Dive Brief:
- Companies with only female founders in agriculture and food tech receive only 7% of investment deals, representing just 3% of all dollars, according to a new study by AgFunder, Karen Karp & Partners and The New Food Economy in collaboration with S2G Ventures. Those numbers increased to 16% if the female founder had a male counterpart.
- The amount of money received by female-founded startups in this sector is falling, with total dollars shrinking 37% from 2017 to 2018, according to the report.
- The study shows this is the result of both implicit and explicit bias. For female founders, questioning from potential funders is more cautionary and more data is required than their male counterparts. The bias came both from male and female venture capitalists making investment decisions, the report found.
Dive Insight:
For years, food companies have faced a lack of female leadership. But it's not just in the established businesses. According to data from Pitchbook in 2017, just 2.2% of venture capital funding went to female-founded businesses. In 2019, those numbers are only marginally better.
The gaping disparity in funding stems in great part from implicit bias from those who are in the position to open their wallets. The study found 82% of investment decision-makers are men. When polled, one male investor explained, “Investment is risky business. The numbers are the numbers, but I will much more easily take a risk on someone who looks, acts and speaks like me.”
The result is that as an investment becomes riskier, fewer female founders are receiving money. Larger seed funding rounds are raised by female-only and female co-founded teams, but the the study found median deal size for male-only teams was nearly three times greater than for female-only teams by the Series A stage.
Although there is a clear discrepancy in funding, woman-led businesses are one of the fastest-growing entrepreneurship segments, according to the U.S. Small Business Administration. These businesses generate twice as much revenue per dollar compared to other businesses.
Companies are searching for a corrective course for more gender equity in both funding and leadership. Last year, Constellation Brands announced it would invest $100 million in female-founded alcoholic beverage companies by 2028 to boost support for women in a predominantly male industry. And Chobani's latest incubator class, announced this year, targets diverse companies. PepsiCo, which owns Stacy’s Pita Chips, sponsors the Stacy’s Rise Project, a competition where five finalists from female-owned businesses receive a $20,000 prize, business advice and development support. One founder earns a $100,000 grand prize.
Woman-owned businesses can also tell consumers about their ownership with a label from the Women’s Business Enterprise National Council. This program launched in 2015 and has since expanded to 45 countries. This label has been valuable in attracting consumer attention, but there is still work to be done to bring about substantive change within the industry leadership.

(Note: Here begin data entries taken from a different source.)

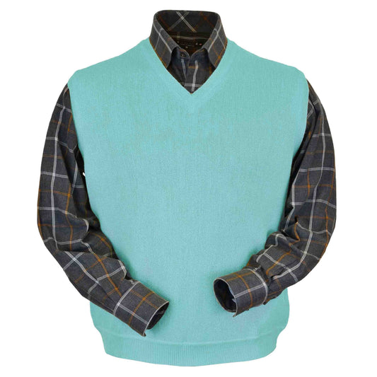 Crafted in Scotland using premium yarns from Z. Hinchliffe of Yorkshire, England, our wide selection of men's sweater vests includes cashmere, camel hair, and lambswool options. Perfect for the office or the golf course, our alpaca vests are blended with Merino wool for added durability and feature Peruvian alpaca fiber. For a more formal touch, we offer men's cashmere sleeveless cardigans (gilet vest), ideal for layering under a blazer or for a touch of coordinating color. Whether you select a traditional cashmere vest, one of our baby alpaca vests, or soft & Durable Geelong Merino wool gilets and vests, we have a selection of different colors and generously cut sizes to coordinate with any outfit. The men's Cashmere Waistcoat With Two Pockets in Lapis and the men's Cashmere Slipover Vest in navy are shown.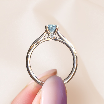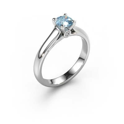 Bovenstaande verlovingsring heeft de naam Valorie RND 1, dit type verlovingsring noemen we een solitaire ring omdat hij een enkele edelsteen bevat. De verlovingsring is uitgevoerd in 14 Carat witgoud en heeft een ronde blauwe lab grown diamant ter grootte van 5 mm. Deze moderne witgouden solitaire ring met een schitterende ronde blauwe lab grown diamant is een prachtige verlovingsring. Doordat de chatonzetting open is, is de lichtinval op de edelsteen optimaal. Ook plaatsen we de edelsteen hoog op de ring, waardoor deze extra opvalt. De diamant is bijvoorbeeld een prachtige edelsteen om aan de liefde van je leven te schenken, omdat deze symbool staat voor eeuwige liefde en zuiverheid. En dit symbool straalt midden op deze solitaire ring. Zo heeft iedere edelsteen een mooie symbolische betekenis. Deze solitaire verlovingsring kunt u zelf samenstellen in verschillende edelmetaal combinaties. Deze heeft de combinatie 14 Carat witgoud met witgoud. Ieder juweel is speciaal voor jou gemaakt, met aandacht voor detail en design.Door onze modernste technieken kunnen wij met uiterste precisie prachtige sieraden te ontwerpen en voor jou personaliseren in de hoogste juwelierskwaliteit. Tegelijkertijd zijn onze verlovingsringen altijd 30% goedkoper dan bij een andere juwelier. Dit komt doordat alle verlovingsringen pas vervaardigd worden op het moment dat deze besteld wordt en we daardoor geen dure voorraden hoeven te hanteren. Mocht je aan een bepaald budget gebonden zijn, kunnen we je graag adviseren welke combinatie je het beste kunt kiezen.Heb je zelf een speciale ring in gedachten, die je wellicht ergens gezien hebt? Je kunt je ideeën altijd met ons bespreken, wij zetten graag jouw ontwerp om tot een unieke verlovingsring. Het ontwerp kun je volgen, omdat wij met 3D tekeningen werken. Hierdoor krijg je al een realistische indruk van hoe jouw ontwerp er in het echt uit komt te zien. Wij sturen je graag een vrijblijvende offerte, waarbij je ongetwijfeld verwonderd zult zijn over de prijs in combinatie met de uitstekende kwaliteit die we aanbieden.Om het voor jou makkelijker te maken kun je ieder besteld sieraad binnen 30 dagen na aflevering eenvoudig weer retour sturen.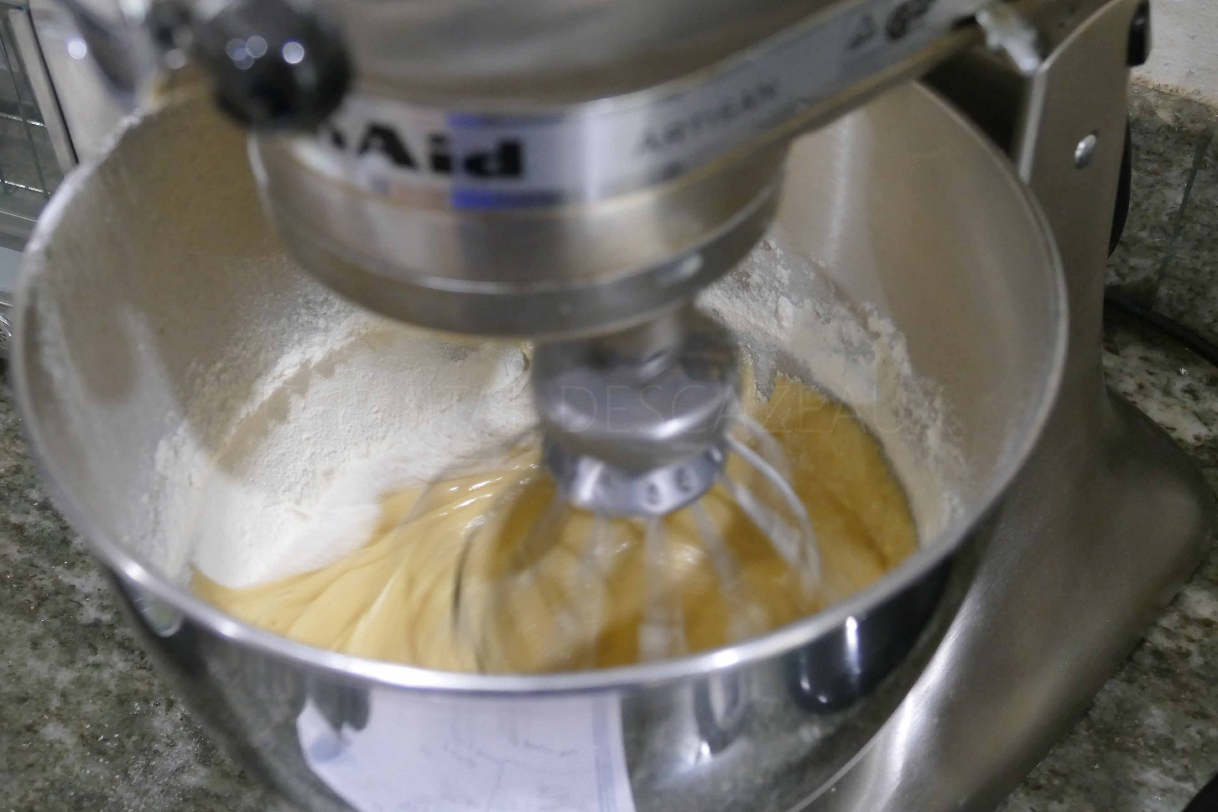 Au bout de 15 minutes de cuisson, fendre la partie supérieure du cake avec un couteau beurré (sans toucher les extrémités) pour qu’il se développe de façon harmonieuse.

With women occupying fewer than 30% of senior leadership positions, and only 13% of c-suite roles in the consumer goods industry — less than any other industry, according to the Network for Executive Women — the skewed representation of gender can make it difficult for female executives or entrepreneurs to identify with those holding the purse strings and calling the shots.
At the same time, this makeup of leadership is not reflective of the industry’s consumer base. Subarna Malakar, vice president of global diversity and inclusion with Ahold Delhaize, previously told Food Detective that 75% of the retailer's shoppers are women.
By not equally financing projects by women, the industry is not only at risk of losing future consumer dollars, but it is liable to pass over lucrative ideas. Females are still by and large the demographic that does the household shopping, and therefore are equipped to generate product ideas that will resonate with the consumer and define trends.
Proof of that concept exists in some recently funded female enterprises like Austin Cocktails, which makes bottled craft cocktails, and Vivify Beverages, which makes hard sodas. Both of these were recently funded by Constellation Brands. Once Upon a Farm, a natural baby food brand, has been one of the most successful investments for Cambridge Companies SPG, CEO Filipp Chebotarev previously told Food Detective. Fourth & Heart is another female-led project that has generated returned on investment for Cambridge Companies SPG.